When the entire clock tree is fixed on tier 0, it gives the lowest clock power and clock skew, with zero clock MIVs being used. The tradeoff is that the standard cell area is now unbalanced between tier 0 and tier 1. This is because the larger size flip-flops skew the area balance for the M3D designs with this setting. This forces all the sequential logic to be 2D, while the combinational logic is partitioned into two tiers, leading to long routes for the signal nets and possibly more wire-length. The Table 5 shows that as fewer clock cells are fixed, the clock MIV count goes up and has a degrading effect on clock power.
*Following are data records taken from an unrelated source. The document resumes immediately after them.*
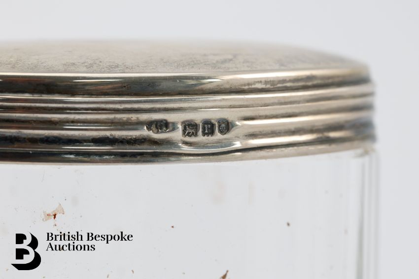 Seven silver topped and glass vanity jars, London dated 1911, mm T & FP and other makers.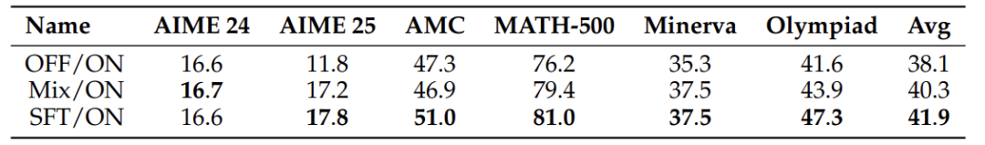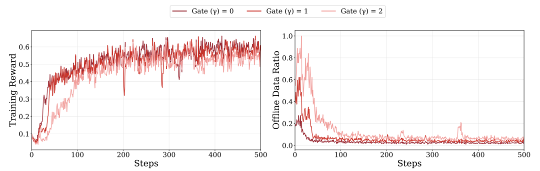 门限阈值 需谨慎选择: (仅在全错时用SFT)效果最好,说明过度依赖SFT反而会抑制探索。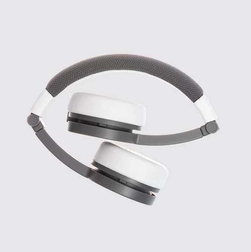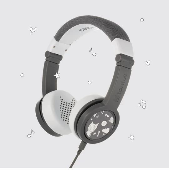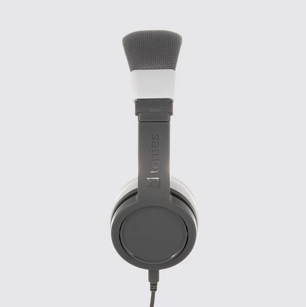 Grey Tonies Headphones! These foldable, durable, kid-safe, volume-limiting headphones come in colors to match your Toniebox. Each headphone set includes a matching sticker set and a detachable audio cable with a BuddyJack splitter for sharing storytime with up to four sets of headphones from a single Toniebox.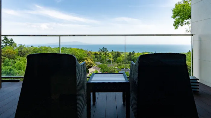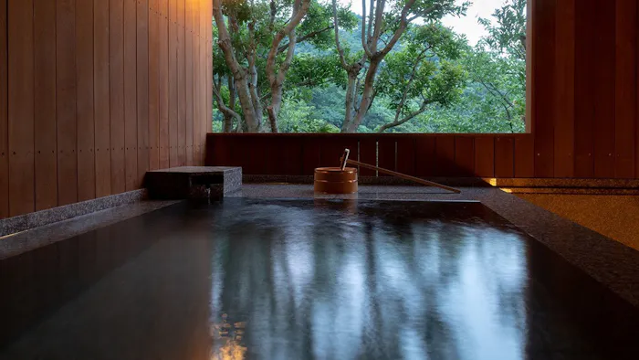 伊豆熱川の緑豊かな里山にひっそりと佇む「奥熱川 庭園と竹の湯宿 奈良偲の里 玉翠」の姉妹館「全室源泉掛流し露天風呂付 大室の杜 玉翠」。伊豆高原の高台から海を望む、全9室、4タイプの客室は、全室に相模湾を一望するデッキテラスと温泉露天風呂を備えています。広々とした湯船には、伊豆高原の源泉掛け流しの湯が並々と注がれます。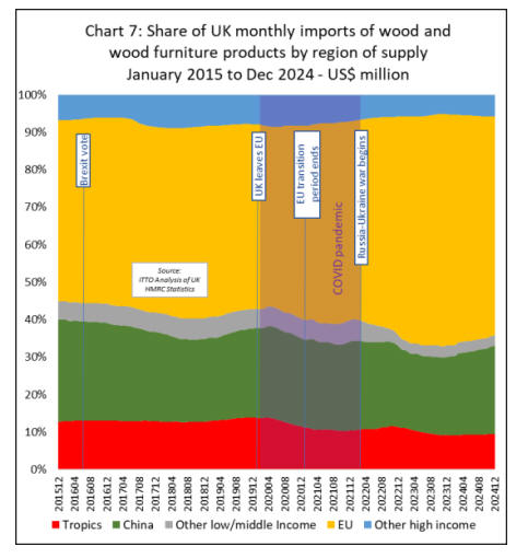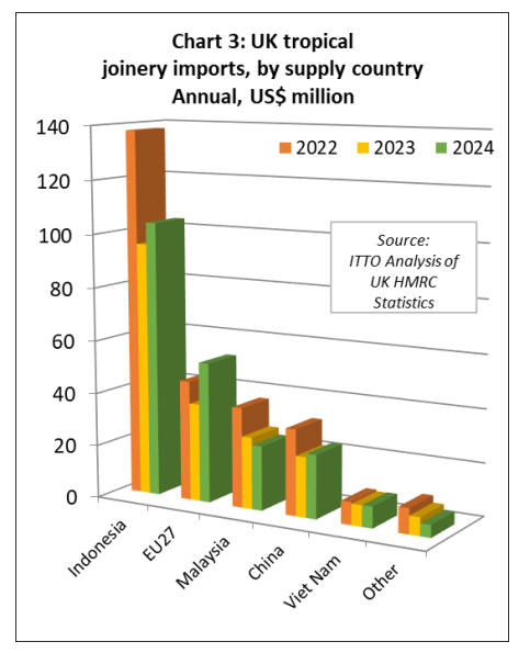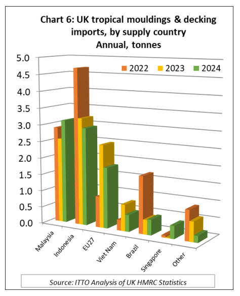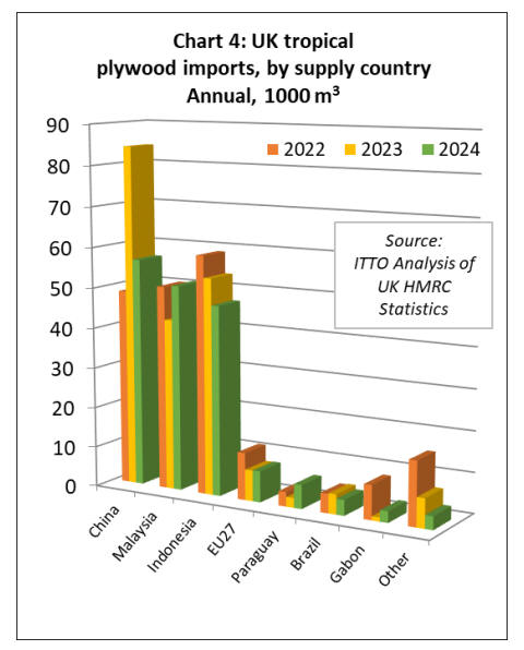 In 2024, the UK imported 383,200 tonnes of tropical wood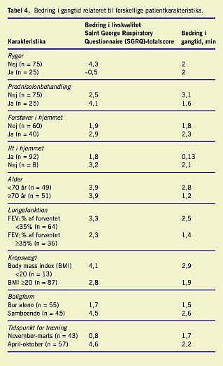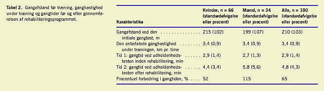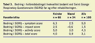 I Tabel 2 vises resultater af gangtræningen. Den anbefalede ganghastighed, svarende til 85% af den maksimale iltoptagelse, var ens for de to køn. I gennemsnit forbedrede mænd deres gangtid med 115%, mens forbedringen for kvinder kun var på 52%. Der var en signifikant forskel på de to køn (p< 0,05). Derimod var forbedring i den helbredsbetingede livskvalitet mere udtalt for kvinder, men forskellen var ikke statistisk signifikant (Tabel 3 ). Ikke overraskende observerede vi primært en bedring inden for de to domæner af SGRQ, som beskrev aktiviteter og symptomer. Der var ingen sikker sammenhæng mellem forbedringen i gangtesten og forbedringen i livskvaliteten - der var således patienter, som fik en udtalt forbedring i livskvaliteten uden at have bedret deres gangtest væsentligt (og omvendt).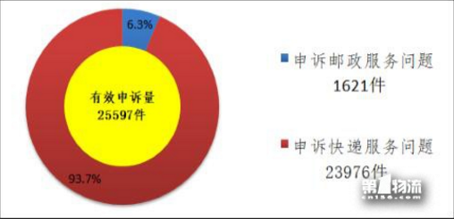 受理的申訴中有效申訴(確定企業(yè)責(zé)任的)為25597件,比上年同期增長(zhǎng)3.2%。有效申訴中涉及郵政服務(wù)問(wèn)題的1621件,占有效申訴量的6.3%;涉及快遞服務(wù)問(wèn)題的23976件,占有效申訴量的93.7%。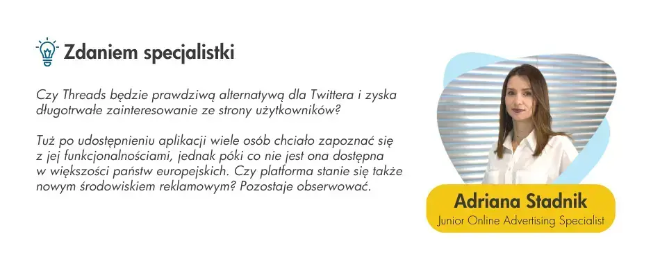 W świecie PPC wiele mówi się m.in. o Threads, jako o potencjalnie nowym środowisku reklamowym, którym aplikacja może stać się w przyszłości. I choć póki co platforma nie jest dostępna dla użytkowników na terenie państw unijnych, to już budzi spore zainteresowanie.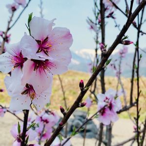 少し前で申し訳ないですが庭先でアーモンドの花が咲きました。 今は梅の実を細長くした実がたくさん実ってます。 秋にアーモンド採れるといいな❤️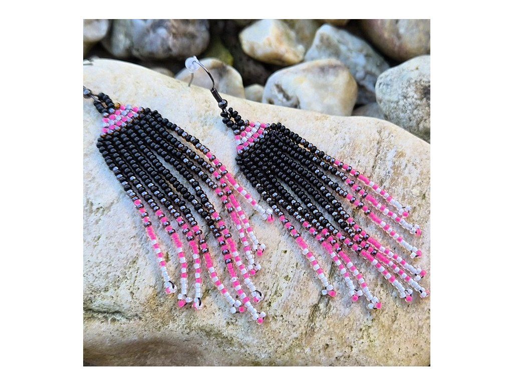 Výrazné a nepřehlédnutelné třásňové náušnice v kombinaci černé, neonově růžové a jemné bílé se stříbrnými odlesky. Kontrast tmavého základu a zářivých růžových detailů vytváří moderní a energický design.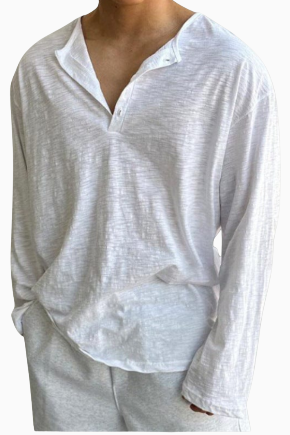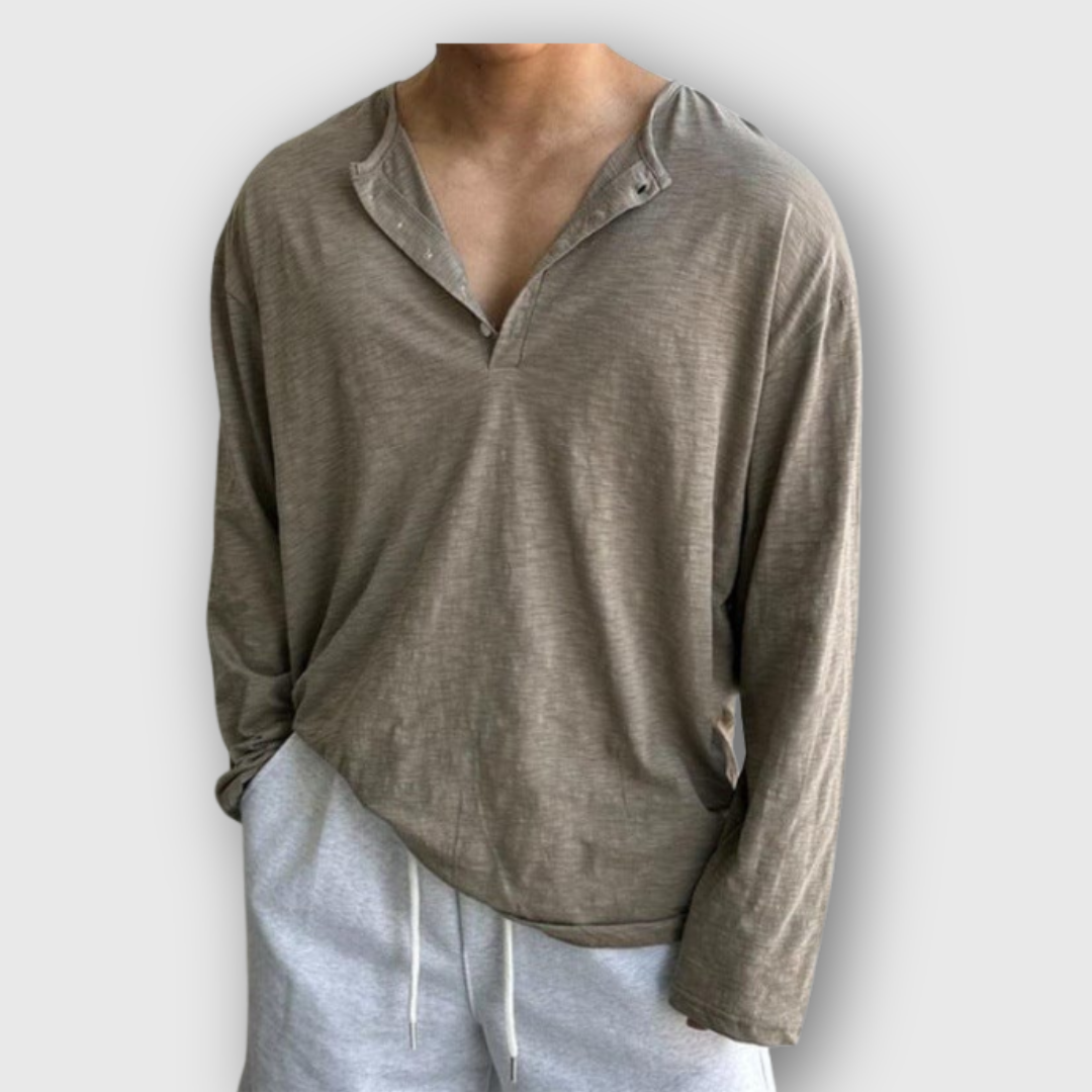 Crafted from supremely soft, premium cotton, it offers breathability and comfort that lasts all day. The relaxed fit and buttoned V-neck add a refined touch to your casual wardrobe — simple, versatile, and endlessly wearable.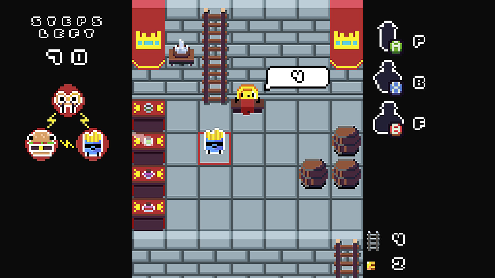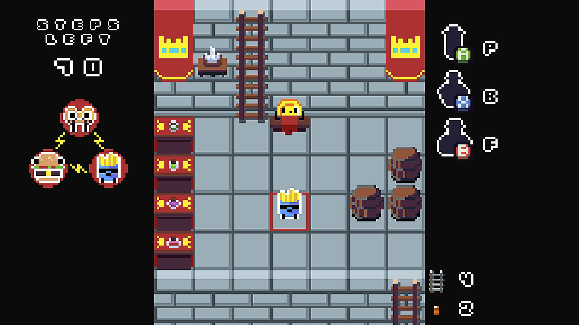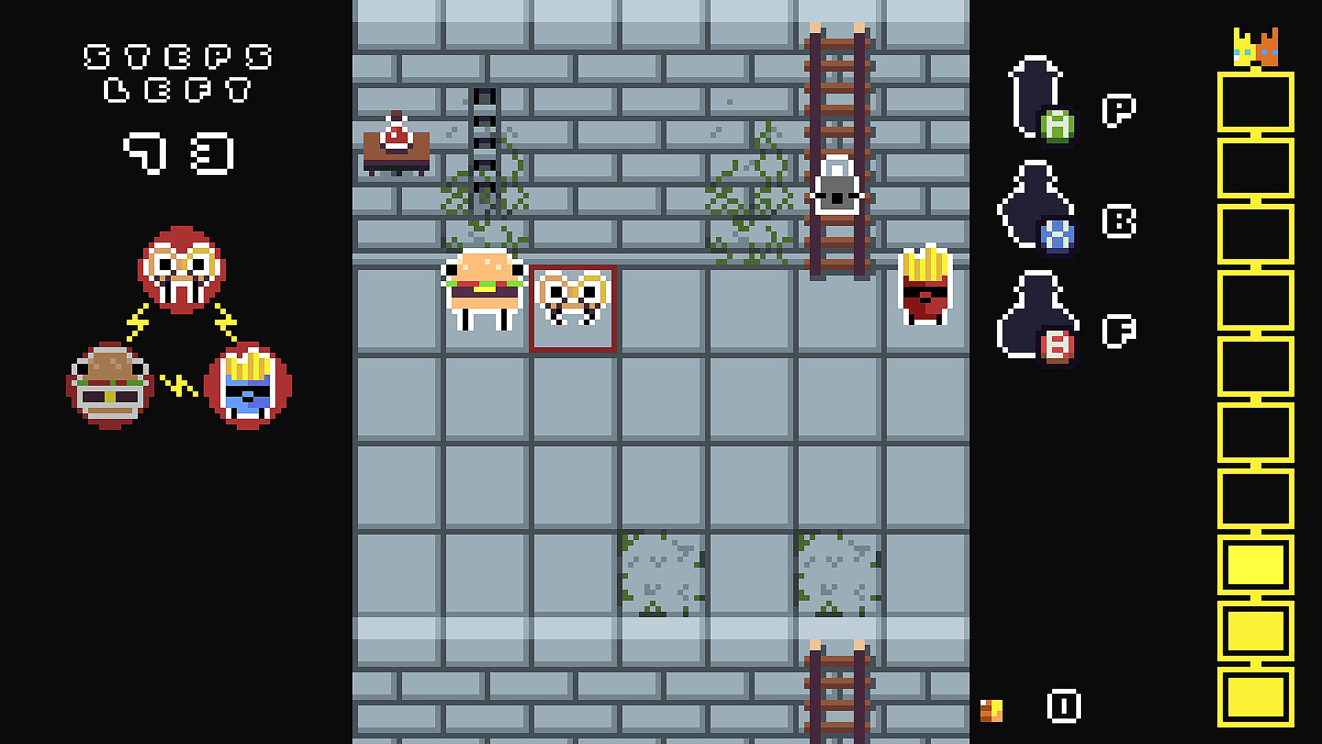 What a horrible night to have a curse! You have only 100 steps to reach the top of Snacky Tower and to defeat the evil Salt Lord. Every step changes your form, but you can only defeat enemies in the right one. To use the least amount of steps, while trying to reach the next floor, you need to plan carefully – or get help.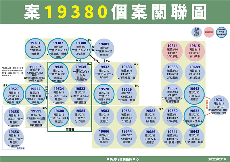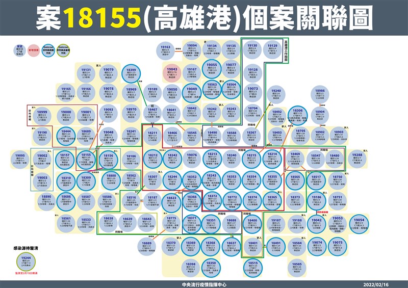本土+14例 關注新北高雄 苗栗仙草店顧客除案 |2022.02.16 語音朗讀 938觀看次 字級 大 中 小 圖/指揮中心提供 【本報台北訊】國內新增67例新冠確定病例,分別為14例本土個案及53例境外移入,有16例為航班落地採檢陽性。中央流行疫情指揮中心指揮官陳時中表示,14例本土個案,一半為居隔中陰轉陽個案,另一半還在調查中,高雄和新北都有相對個案。本土14例個案,高雄港相關1例、礁溪飯店延伸諾貝爾幼兒園2例、高雄砂石場相關2例、桃機航警1例,另增加鳳山群聚個案4例及新店設計師案相關4例。陳時中指出,礁溪飯店衍生的案例中,延伸高雄幼兒園個案,增一對父女染疫(案19812、案19811),之前同住家人已於前段時間確診,父女都在匡列隔離範圍,今天礁溪飯店已無其他或未知個案,已監測期滿結案。砂石場相關個指標個案19380,周圍有零星接觸感染主要都是家庭引起的群聚,延伸到苗栗家庭原先有小孩確診,今日再增一對夫妻(案19814、19815)確診,曾於2月12日、13日採檢陰性,陪病期間陰轉陽較不用擔心。圖/指揮中心提供高雄港個案則無發散情況,但今天新增一例確診案,為匡列中陰轉陽,原先為旗津匡列確診者 (案19049)的孫女,確診列為案19843。陳時中說,「高雄港案子雖多,但控制迅速,目前看來穩定。」同時國內也有幾個感染源待釐清的案例,其中桃園航警案,2月13日有去兒子家裡,家裡有一位4歲小孩孫女,今天也確診。女童就讀的幼兒園足跡有兩天,已開始相關匡列。圖/指揮中心提供還有暫列源頭的指標個案(案19665)為新店設計師,今天案例衍生4例確診,其中一個是室友,另外三位是房屋行銷公司的三人,源頭還無法斷定。另外還有高雄新一起家庭職場群聚,延伸煉油廠確診共4例。陳時中說,還有跨縣市的案子原有仙草店顧客確診,如今二採陰性,確定後已排除案號。圖/指揮中心提供 前一篇文章 明霸克露橋臨時便道 今起改走鋼便橋 限速30公里 下一篇文章 新北設計師定序同桃機群聚 不明傳播鏈減為10條 熱門新聞 01法全票通過 掠奪文物歸還中國2026.04.1702MLB太空人打敗洛磯 鄧愷威中繼成功2026.04.1603勞動部將研議 勞退舊制移入新制2026.04.1804【詩】靜寂 2026.04.170545%失智症可預防 類黃酮食物護大腦2026.04.1606多倫多佛光山寺院體驗營 青年探索內心2026.04.1607【詩】春天的孤挺花2026.04.1608【詩】 鐮刀俠2026.04.2109星雲大師紀念特展 紐西蘭一館開幕 2026.04.1610普門品交響清唱劇妙法之歌 5月12日中山堂首演2026.04.17 訂閱電子報 台北市 天氣預報 台灣一週天氣預報 相關報導 花蓮疊石藝術季 高手雲集寵物美容定型契約 飼主怨被超收費桃園燈會作品 開啟新篇章體驗超輕航機 5月報名都市林10年計畫 打造樹蔭通勤廊道還地於河 磺港溪重生

For our benchmarks, the best option is to only partition the FFs and fix all the rest of the cells on tier 0.

#### **5. Key Findings**

In our study we show the benefits of monolithic 3D ICs (M3D) at 7nm in terms of area, wire-length, power consumption, and frequency. We summarize our key findings as follows:

**Major source of 7nm M3D power saving:** Looking at the different components of the total power, such as net switching power, cell internal power, and leakage power, we observe that the wire-length reduction results in net switching power reduction, while buffer count reduction affects the internal power and leakage power reduction in M3D. The drive-strength usage distribution of the cells used in M3D implementation also has an impact on the leakage power reduction.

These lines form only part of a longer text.